> _Recorded information_
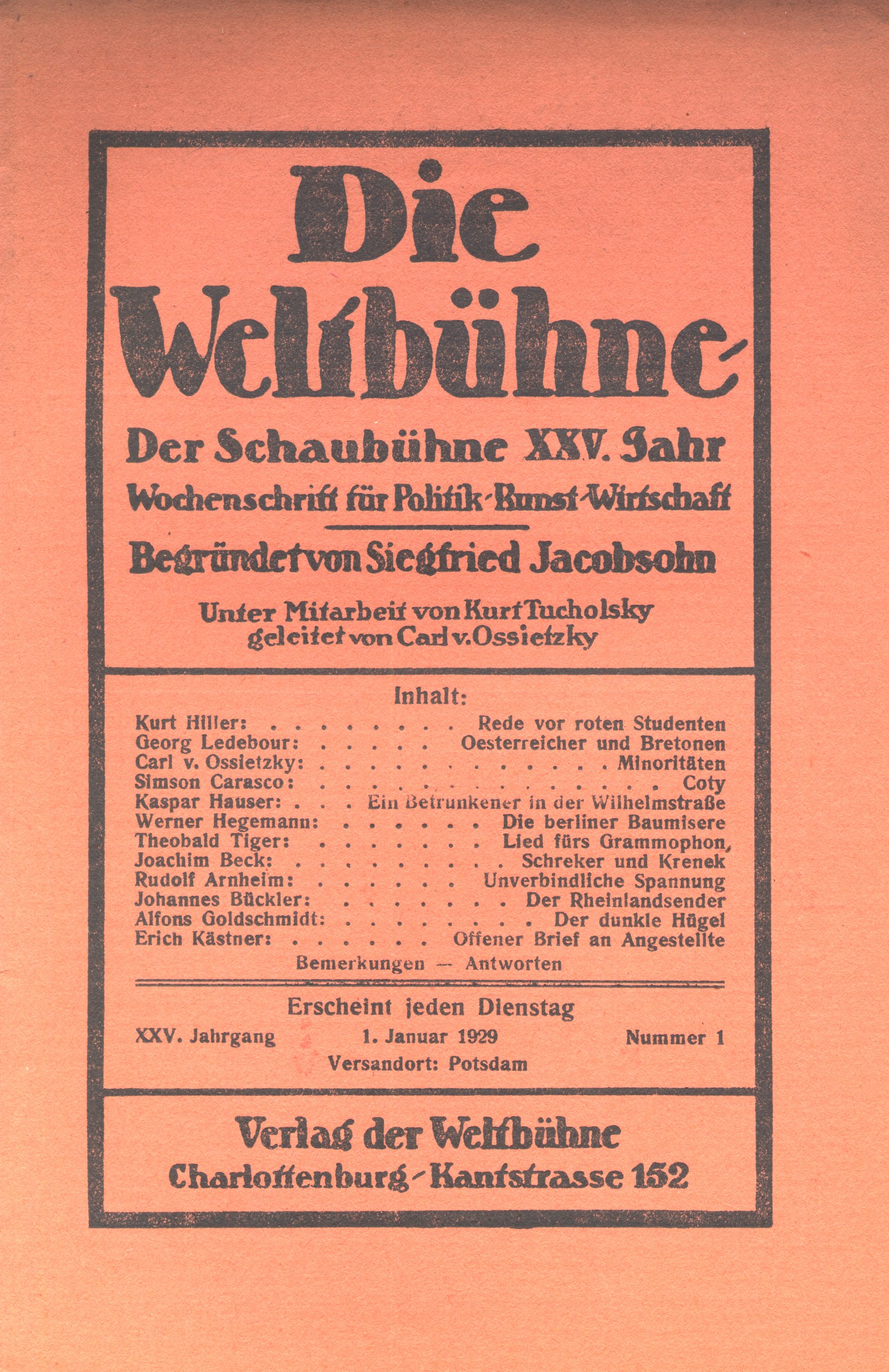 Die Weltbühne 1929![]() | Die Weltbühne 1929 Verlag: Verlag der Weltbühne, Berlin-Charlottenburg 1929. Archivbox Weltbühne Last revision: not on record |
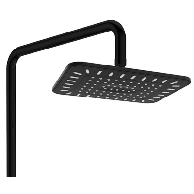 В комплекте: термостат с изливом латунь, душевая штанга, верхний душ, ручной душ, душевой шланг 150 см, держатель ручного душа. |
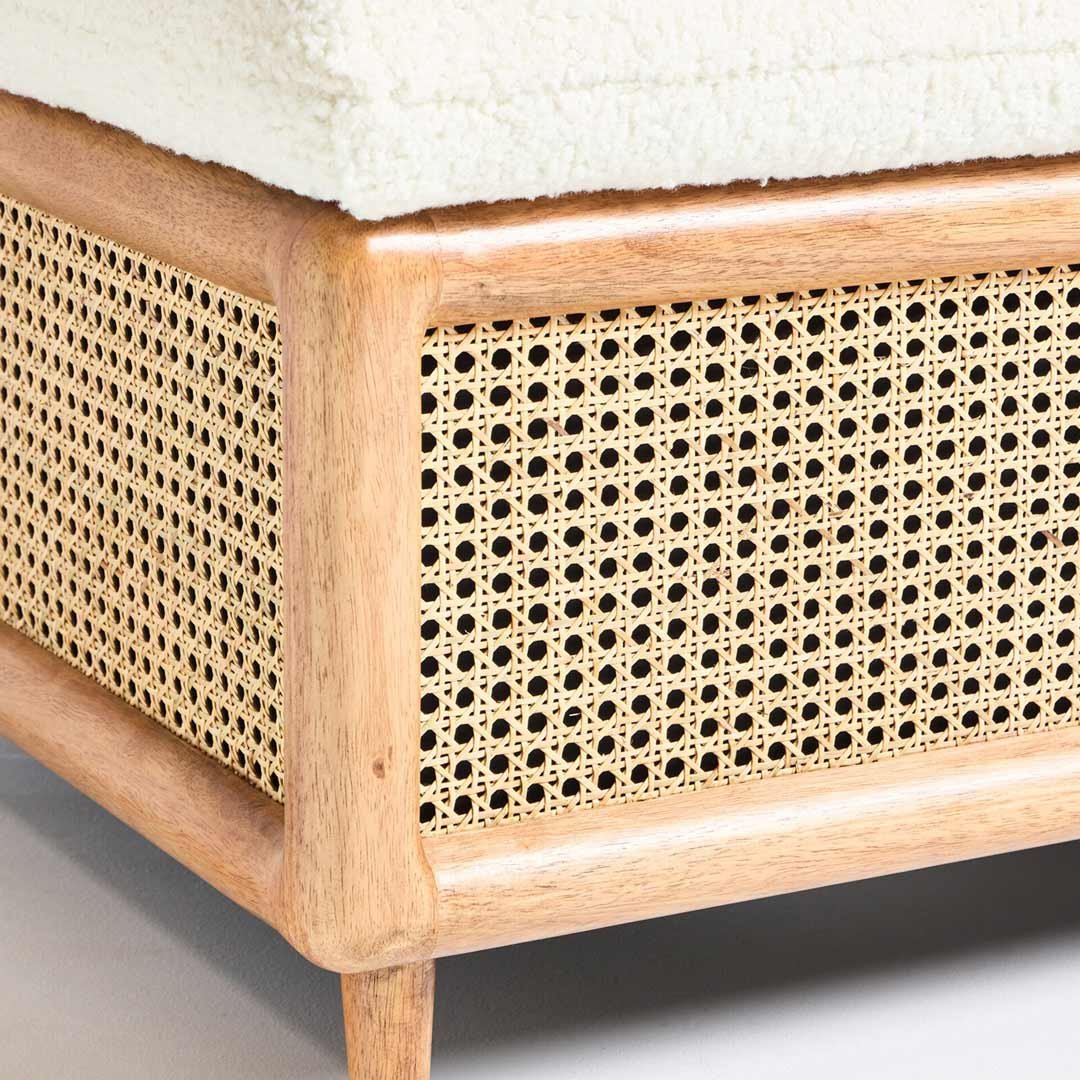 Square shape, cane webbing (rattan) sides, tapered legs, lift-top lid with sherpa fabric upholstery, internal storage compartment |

> _About this exercise_
Would you return all the data exactly as given, minus the pictures?

> _Output for this exercise_
 Die Weltbühne 1929![]() | Die Weltbühne 1929 Verlag: Verlag der Weltbühne, Berlin-Charlottenburg 1929. Archivbox Weltbühne Last revision: not on record |
 В комплекте: термостат с изливом латунь, душевая штанга, верхний душ, ручной душ, душевой шланг 150 см, держатель ручного душа. |
 Square shape, cane webbing (rattan) sides, tapered legs, lift-top lid with sherpa fabric upholstery, internal storage compartment |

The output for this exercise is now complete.